◆ What is required: Every line of the material below should be output exactly as written, with the images skipped.

◆ Dataset content:
***
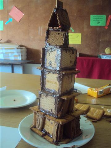 Ensuite on a utilisé seulement quatre biscuits pour chaque étage de la tour… on a réussi à faire 5 étages ! Pendant le dîner on a mangé notre tour avec les autres.
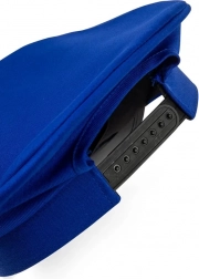 Blaue Kappe, glänzender schwarzer Schirm, gelbes Zug-Emblem
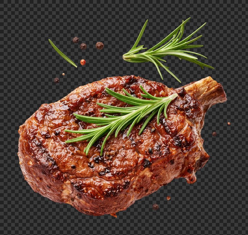 PNG Grilled steak garnished with rosemary. https://www.rawpixel.com/image/26067540/png-grilled-steak-garnished-with-rosemaryView license
***
◆ Solution to this task:
 Ensuite on a utilisé seulement quatre biscuits pour chaque étage de la tour… on a réussi à faire 5 étages ! Pendant le dîner on a mangé notre tour avec les autres.
 Blaue Kappe, glänzender schwarzer Schirm, gelbes Zug-Emblem
 PNG Grilled steak garnished with rosemary. https://www.rawpixel.com/image/26067540/png-grilled-steak-garnished-with-rosemaryView license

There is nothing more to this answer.